Monday, 11 May 2020

The Bookshop (Isabel Coixet, 2017)

A widowed woman (Emily Mortimer) arrives in a small seaside town in 1959 and sets about opening a bookshop in a long-abandoned house, to the disapproval of the town's wealthiest woman, who immediately begins trying to chase out the new resident, underhandedly coercing the already suspicious, provincial locals against her. Her only real allies in defending her home and dream are a precocious young girl and a reclusive older widower, and the battle can only be a losing one as her vindictive opponent brings the brunt of the law to bear against her as well.
Mortimer is fine as the plucky lead, although, as is so often the case, Bill Nighy rather steals the show without raising a sweat as her widower friend.
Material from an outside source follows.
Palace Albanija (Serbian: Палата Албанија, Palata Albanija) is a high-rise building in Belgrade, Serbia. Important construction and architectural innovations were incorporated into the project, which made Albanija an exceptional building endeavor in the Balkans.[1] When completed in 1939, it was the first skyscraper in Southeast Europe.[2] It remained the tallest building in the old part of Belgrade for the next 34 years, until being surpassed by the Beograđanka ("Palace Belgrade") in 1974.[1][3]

The execution is understated and sensitive in many scenes, but problem here, ultimately, is the Dickensianly caricaturish characterisation of the townspeople, either just plain simple, pompously officious or sneering, and an overall tendency to veer towards melodrama. Vicissitudes pile up on the beleaguered single woman until her situation starts to uncomfortably remind you of nothing so much as the sentimentalised plight of Little Nell in Dickens's The Old Curiosity Shop. Consequently, it doesn't work as a reflection of the constraints of a stifling era on independently-minded women, and surely that in part is what it was hoping to achieve.